Liebevoll streicht Daniel Pluta der Patientin im Aufenthaltsraum über den Arm. „Möchten Sie fernsehen und dabei etwas trinken? Einen Saft, Kaffee oder ein Wasser vielleicht?“, fragt er die Frau mit ruhiger, angenehm beruhigender Stimme. Die Angesprochene bejaht beides, entscheidet sich für Wasser, welches Daniel Pluta ihr kurz danach bringt. Ins Glas hat er einen Strohhalm gesteckt, damit die Patientin, während er ihr Getränk hält, einfacher und entspannter trinken kann. Daniel Pluta bleibt bei ihr, bis sie ausgetrunken hat, plaudert währenddessen mit der Patientin, die sich sichtlich über die Zuwendung freut, über dies und das.

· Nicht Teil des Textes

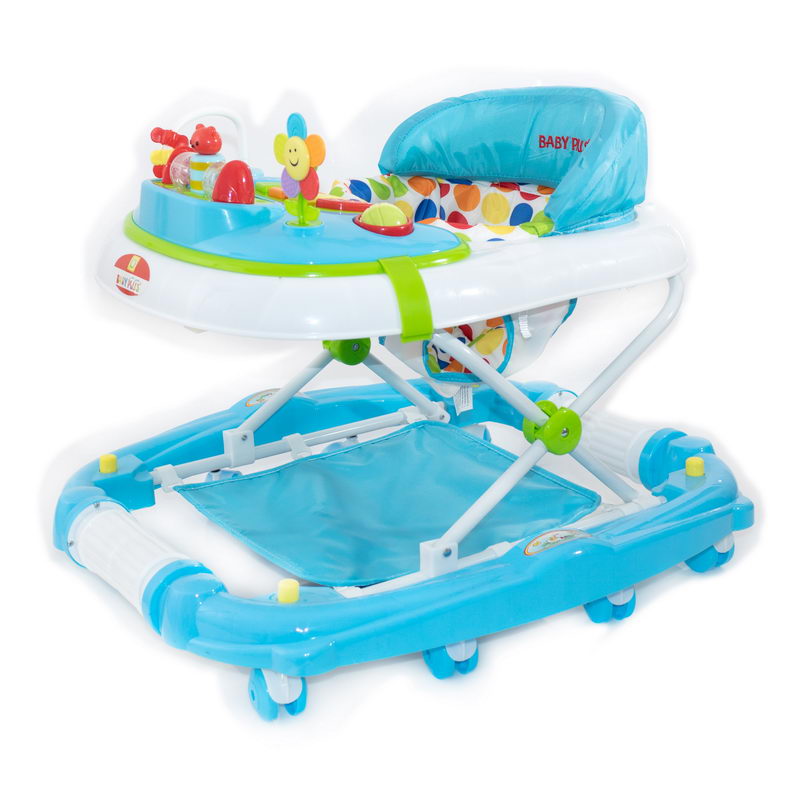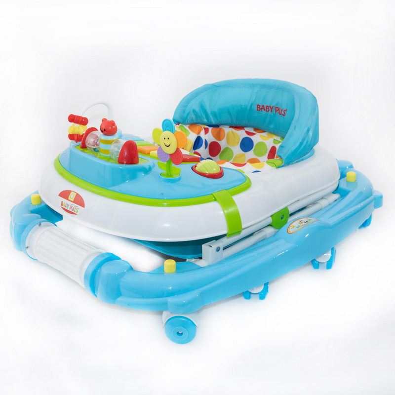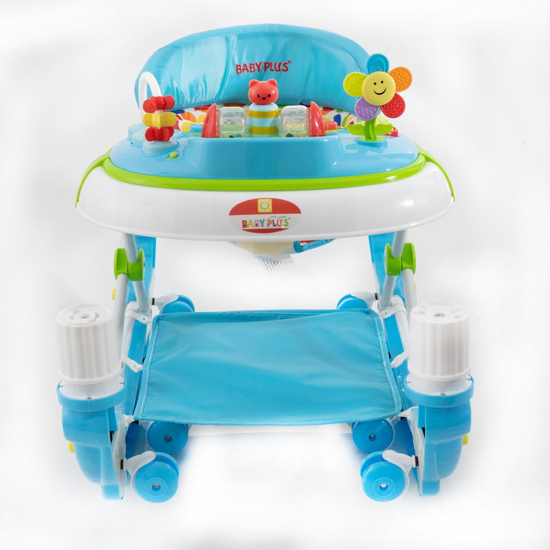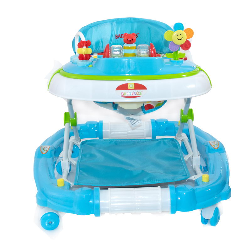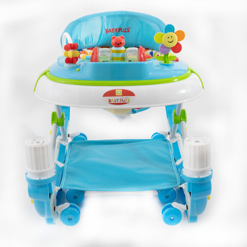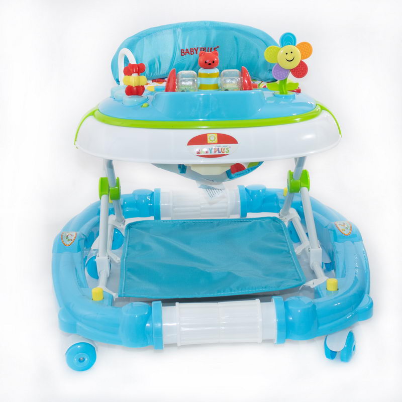 Baby Plus ,baby walker - height adjustable, musical, soft cushion height adjustable & interactive baby walker with music and play tray to entertain your child and encourage them to take their first steps. The sturdy, stable walker helps babies learn to stand and walk. Keep your baby comfortable and content with this baby walker. The brightly coloured baby walker helps your child to discover the floor get their footing and take those first steps as they experiment with moving around. Key features pp plastic/non-toxic material with nice sounds and play tray foldable & adjustable height 8 pair of wheels comfortable cushion folds flat for storage with minimum space with music the colourful front toys keep baby entertained wether you are at home or on the go, your baby will be content and comfortable in this walker. For ages 9 months and above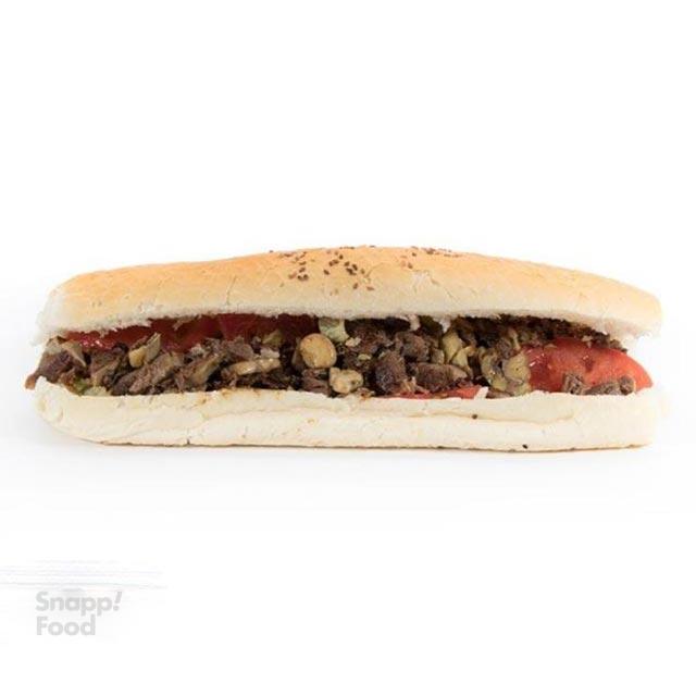 ۱۸۰ گرم زبان گوساله، قارچ، پنیر، کاهو، گوجه فرنگی، خیارشور، سس مخصوص، نان باگت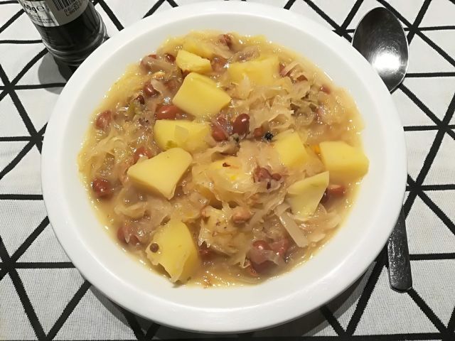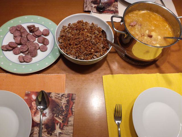 Danes jota, žganci, domača kranjska klobasa, kruh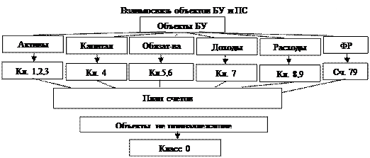 Счета в ПС сгрупированы в 9 кл., соответствующих объектам БУ. Забал. счета выделены в нулевой класс.

Besuchszeit rund um die Uhr

Es ist eine von vielen anderen Alltagsszenen auf der Palliativstation des Kreiskrankenhauses Weißwasser. Erkennbaren Stress und Hektik beim Personal gibt es hier ebenso wenig wie typisches Krankenhausmobiliar oder sterile Räume. Alles ist eingerichtet wie das gemütliche Zuhause einer Wohngemeinschaft, in der selbst Zimmerpflanzen und ein mit Saft, Bier und Sekt gefüllter Kühlschrank, Schalen mit Früchten und Süßigkeiten nicht fehlen. Maximal sechs Patienten können auf Station betreut werden. Besuchszeit ist rund um die Uhr. Angehörige können sogar auf Station schlafen, um ihren Familienmitgliedern nah sein und Beistand leisten zu können. Denn schwerste Erkrankungen gibt es in jedem Alter und viele Familien wohnen weit voneinander entfernt, weshalb das Angebot unverzichtbar ist.

Wohlfühlambiente rundum

Doch trotz Wohlfühlambiente ist und bleibt die Station ein Krankenhausbereich, in dem ausschließlich Patienten mit fortgeschrittenen, unheilbaren Erkrankungen durch ein spezialisiertes Team von Ärzten, Pflegenden, Mitarbeitern der Bereiche Psychoonkologie, Sozialdienst, Seelsorge, Physio- und Ergotherapie, Hospizdienst und dem SAPV-Team betreut werden, um ihre Lebensqualität zu verbessern.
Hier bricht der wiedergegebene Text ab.